Objective: To describe early management of infants born to a parent with gene-positive long QT syndrome (LQTS) referred for specialist review. Review the diagnostic utility of the early neonatal and first clinic ECG.
Design: Retrospective cohort study, including a review of the first neonatal and first clinic ECG.
Setting: Quaternary paediatric-only referral hospital with specialised unit for the management of paediatric inherited cardiovascular diseases.
Patients: Infants born 2015-2022 referred in the setting of parental LQTS who subsequently underwent predictive genetic testing for a parental LQTS-causative genetic variant.
Main outcome measures: Age (at first early neonatal ECG, referral, first clinic attendance), genetic testing data, clinical course, exposure to QT-prolonging medications, neonatal hypoxia-ischaemia and cardiac events (cardiac arrest or death) in the infant's first year.The first neonatal and first clinic ECGs were evaluated for QTc and T-wave morphology, by two observers.

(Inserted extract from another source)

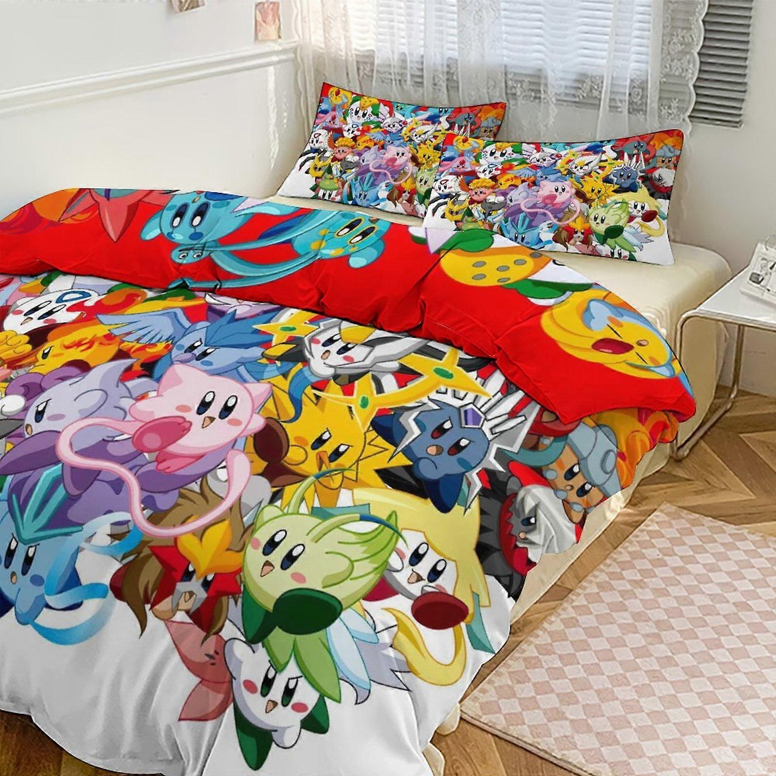 3Pcs Pokemon Comforter Set Cartoon Cute Bedding Set Soft Bedding Set with 1 Comforter Cover and 2 Pillowcases,Color 1, 79"×90"

Results: Twenty-six infants met inclusion criteria. Eighteen (69%) were referred in the first month of life. Twelve (46%) inherited the familial LQTS variant. Fourteen (54%) commenced beta-blocker therapy to treat suspected or genetically confirmed LQTS, two subsequently ceased treatment due to a negative genetic result. There were no cardiac events. For the ECG analysis, 40 ECGs from 26 infants were reviewed (early neonatal n=14 (54%)). The first clinic ECG allowed more accurate determination of genetic status with better interobserver variability. Inclusion of T-wave morphology assessment improved its sensitivity.
Conclusions: Streamlined pathways to manage families with LQTS across institutions need to be firmly established to permit a timely diagnosis. Incorporation of formalised T-wave morphology assessment adds value.